How could Google AdSense people not notice all the activity being generated from this particular geographic area. Even if it was not coming from one exact spot someone should have caught it and flagged it as pure junk.
1 to 5 billion pages even over a few weeks time could potentially alter the earnings of Google in Q2. Maybe they need to address this and talk to Wall Street. This is pretty big news.

Reply
SEARCH ENGINES Web says:

June 20, 2006 at 7:29 pm

This presents an opportunity for a vibrant debate.

One extremely important point to note is that it matters less how many pages were indexed – than if ANY of them CAME UP ON THE SERPS…

In other words – storage is so cheap – that the pages will just lie there as useless – unused – bytes – as so-o many Web pages do.

However, if they came up on any SERPs – Therein lies a potential ethical problem.

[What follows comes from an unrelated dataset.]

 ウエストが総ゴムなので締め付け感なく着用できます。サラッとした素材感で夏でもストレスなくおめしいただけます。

Especially if the pages were in the TOP 30 SERPs where most people search, because, in theory, they would be taking the place of “valid” web pages.

However, if any of those controversial pages WERE in FACT including any valuable valid information, then the motives of their creators and their tactics would in theory have be LESS HARMFUL.

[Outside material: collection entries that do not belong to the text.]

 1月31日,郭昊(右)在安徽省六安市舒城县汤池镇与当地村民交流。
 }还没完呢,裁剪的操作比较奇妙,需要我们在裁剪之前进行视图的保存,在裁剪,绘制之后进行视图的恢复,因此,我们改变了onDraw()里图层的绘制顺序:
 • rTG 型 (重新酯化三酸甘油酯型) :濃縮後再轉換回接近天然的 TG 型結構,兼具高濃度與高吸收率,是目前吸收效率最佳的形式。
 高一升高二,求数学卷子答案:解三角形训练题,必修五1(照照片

This is an enourmous conflict that search quality Engineers have to resolve. Do they take the easy way out…. and just NIX EVERYTHING??????

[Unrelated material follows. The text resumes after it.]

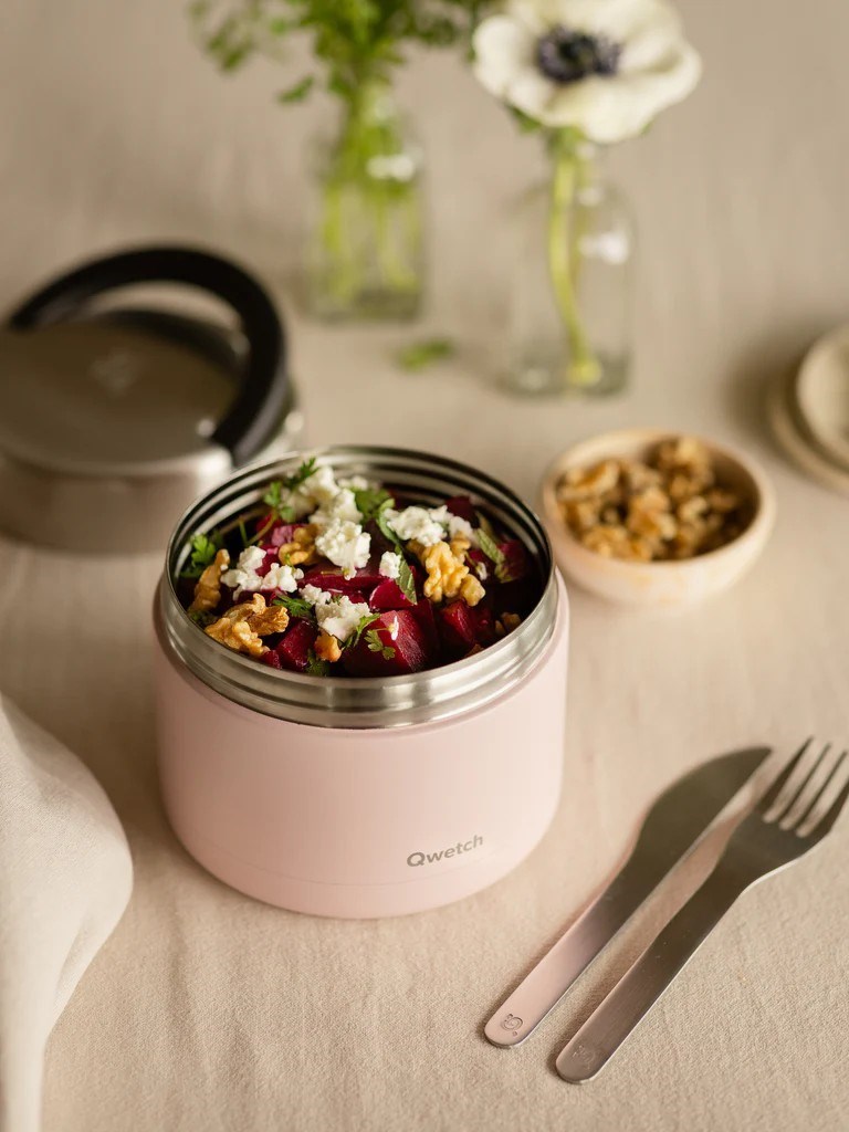 Praktický, ľahký a utesnený termoobedár od značky Qwetch, vyrobený z nehrdzavejúcej ocele. Jedlo udrží teplé až 5 hodín alebo chladné až 7 hodín. Okrúhly nerezový obedár je praktický a ľahko sa udržiava čistý.
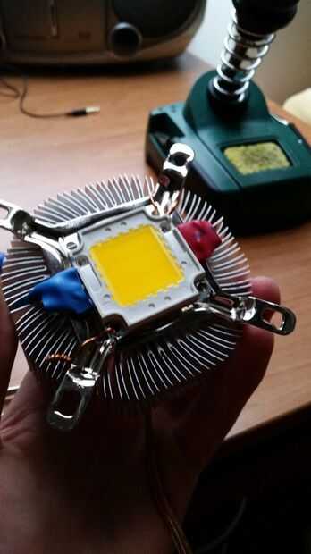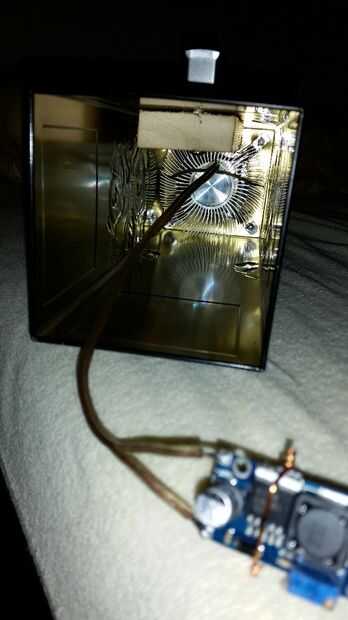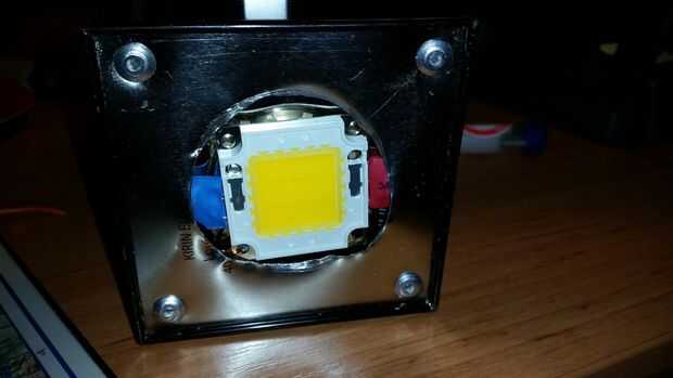 Montar el LED en el disipador térmico con alambre esmaltado, lo escrito arriba, soldar algunos cables audio cobre trenzados, utiliza un montón de tubería de encogimiento de calor y doble comprobado no cortos, como nuestro powerpack probablemente derretiría toda la soldadura con duro poco, porque su cortocircuito corriente puede ir tan alta como 6A por la célula. Y 90amps es mucho. El alambre entonces se pega entre las aletas dobladas a los lados, para aliviar en parte la tensión que podría desear para rasgar los cables de lo LED. Agujeros perforados en la parte inferior de la caja, pero ten cuidado. El pedacito de taladro circular es muy mala idea para esto. Había cansado, y una vez que se rompió a través en un lado del metal, se dobló en la parte que todavía fue conectada con el resto y se atornilla todo el agujero. Me alegra que pude rescatar parcialmente con solicitud y paciencia. Porque no era capaz de encontrar ninguna buena tornillos y tuercas para que coincida con el disipador térmico y los agujeros, yo simplemente lo clavan, y OMI parece mejor que los tornillos. Lleva a cabo muy resistente, y el disipador de calor ajusta perfectamente el tamaño de esta caja, como no toque ninguno de los lados. Se puede ver en las imágenes adjuntas. También es importante que el led está tan cerca del agujero de apertura posible, para evitar la inundación de gran angular.

That may be what Google had to do, because it would have been too resource-demanding to analyze all of the billions of pages.

And of course, as sophisticated as Google Algos are they were NOT able to auto-detect something wrong.

BTW:
Look at the amount of pages indexed in Google using This Technique….

digg.com/technology/Google:_25_TRILLION_Pages_Indexed_

Reply
Webmetricsguru says:

June 20, 2006 at 8:51 pm

Hi John, I covered this over the weekend with a post http://www.webmetricsguru.com/2006/06/get_billions_of_pages_indexed.html

Google quickly got rid of the spam domains …. they only existed for a couple of weeks – and when I posted over the weekend it was already being deleated.

Reply
JG says:

June 20, 2006 at 10:18 pm

SE Web wrote: One extremely important point to note is that it matters less how many pages were indexed – than if ANY of them CAME UP ON THE SERPS…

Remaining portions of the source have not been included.